# Other Places Around The World > Italy Travel Forum >  >   We are thinking about a quick trip to Italy mid-May, spend a few days in Piemonte and a few days around Garda or Emilia-Romagna.
 > 
 > Can anyone recommend any accommodation, the smaller and B&B-lik

## Petri

We are thinking about a quick trip to Italy mid-May, spend a few days in Piemonte and a few days around Garda or Emilia-Romagna.

Can anyone recommend any accommodation, the smaller and B&B-like the better, around Garda that would have a great, elevated view over the lake?
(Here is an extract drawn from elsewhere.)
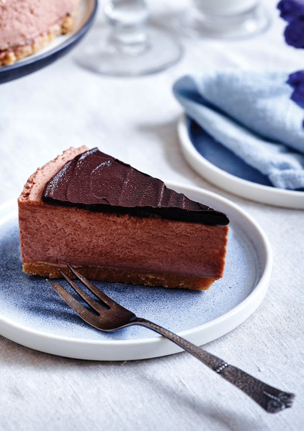 Hæld chokoladen over cheesecaken, og fordel den let med en paletkniv.
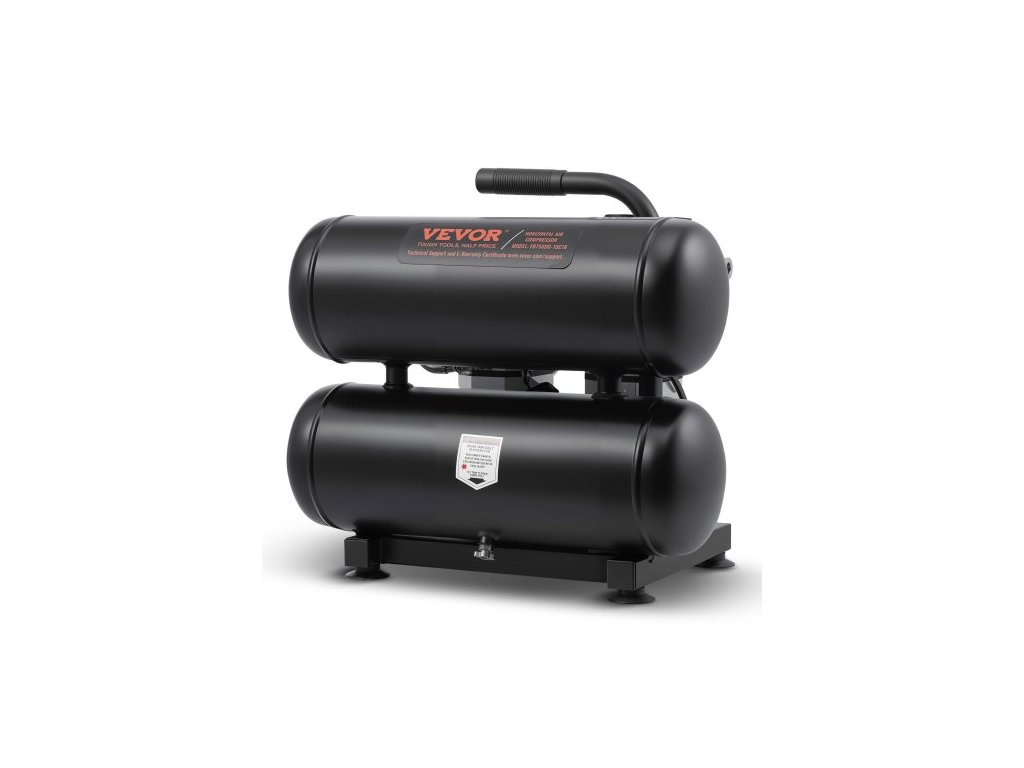 Vzduchový kompresor VEVOR, ocelová nádrž o objemu 4,6 galonu, 1HP 2,0 CFM při 90 PSI, bezolejový vzduchový kompresor a max. tlak 120 PSI, ultra tichý přenosný kompresor 80 dB, pro opravy automobilů, huštění pneumatik, stříkání lakuKompaktní kapacita

I remember we were planning to go there years ago and I found a very nice small hotel or something with such a view.  Last summer we did a quick tour around the Alps and stayed in Merano here, http://www.hotel-miramonti.com/ that had a view to die for: http://www.hotel-miramonti.com/image...x/index_02.jpg

The other option is a nice B&B or "castle" somewhere in or near Parma.  For Piemonte we'll probably look something similar around Alba.  (Any recommendations welcome)  Last June in Tuscany we found this place, http://www.castellodistarda.it/ and ended up eating there twice.  Unfortunately we didn't stay there but in a small town nearby.

----------


## Maureenm

Petra;

sorry if this is too late but I am just seeing this... We stayed in Lake Garda at a lovely spot called Locanda San Vigilio... it had only about 7 rooms or so.. just beautiful and it was literally in the lake... it might be a bit expensive but we have terrific memories of this place.. right after that we flew to Sicily and the cover of Alitalia magazine had an aerial view of it on their cover... I highly recommend it... Lake Garda was very charming.. we took the train to Venice from there for the day...

----------


## Petri

Thanks!  I was just thinking the other day that perhaps I should try to book the accomodations as the trip is just 4 weeks away..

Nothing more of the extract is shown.